Right, I just think-through about this. If we are super cautious
during the early phase, we can have more non-debug checks for
potential bugs.

There are currently three places modifying the swap table: replace
(huge_mm, migration, shmem) / insert (swapin / swapout) / del. I
checked the details, basically in all cases, there is no way to
rollback. Once the data is somehow corrupted, any operation could be
in the wrong direction.

So yeah, let me add some more checks.

I'll slightly adjust swap_cache_add_folio too. In this V1,
swap_cache_add_folio is designed to allow races and returns an int for
potential conflict. But , it should never fail in V1, cause there is
currently no racing caller: we still rely on the SWAP_HAS_CACHE to pin
slots before installing the swap cache.

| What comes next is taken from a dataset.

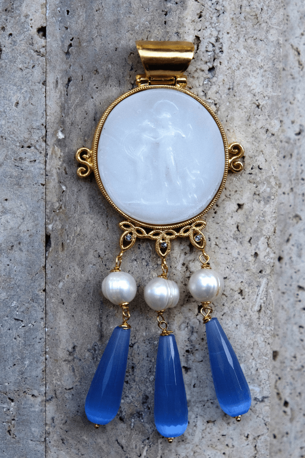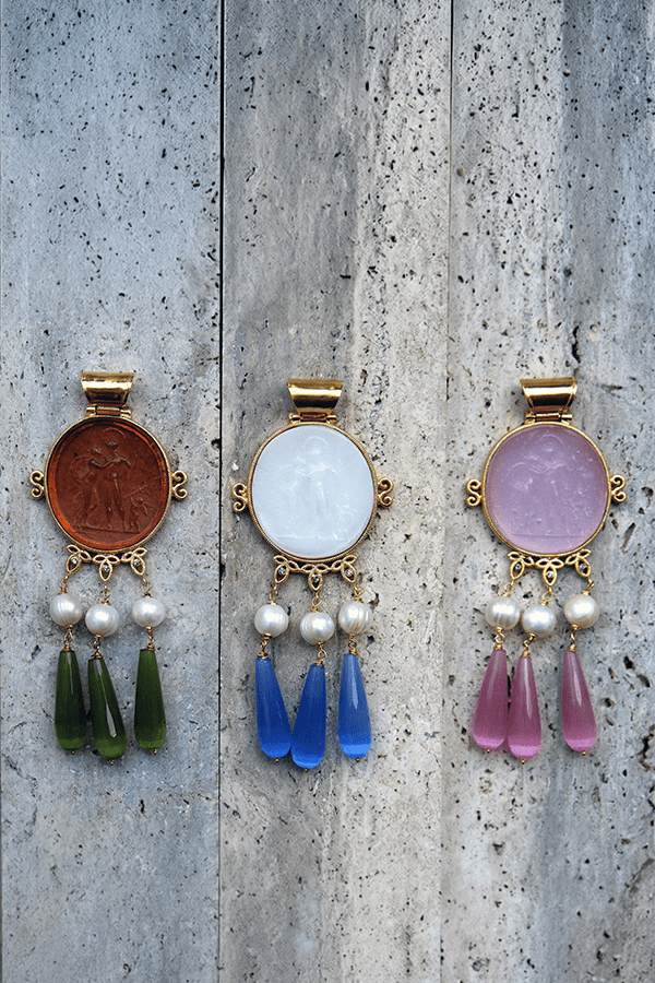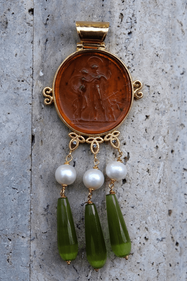 Large glass paste pendant engraved with the scene of Venus and Mars. In classical tradition, they represent the union of love and strength, a recurring theme in ancient art. The setting is enriched with freshwater pearls and drop pendants, adding movement and presence.

We will kill this ugly dance
very soon in phase 3. (phase 2 removes SYNC_IO swapin is an important
step). I used this version of swap_cache_add_folio from later phases,
just to make it easier later. So in V1 let's make it WARN/BUG if any
conflict folio exists and always return void, that's safer for
catching potential bugs. I'll change swap_cache_add_folio to allow the
race again in a later phase.

For other places, I think a relaxed xchg with WARN/BUG should be just fine.

Later phases can also use something like a CONFIG_DEBUG_VM_SWAP to
wrap these, after things are verified to be stable.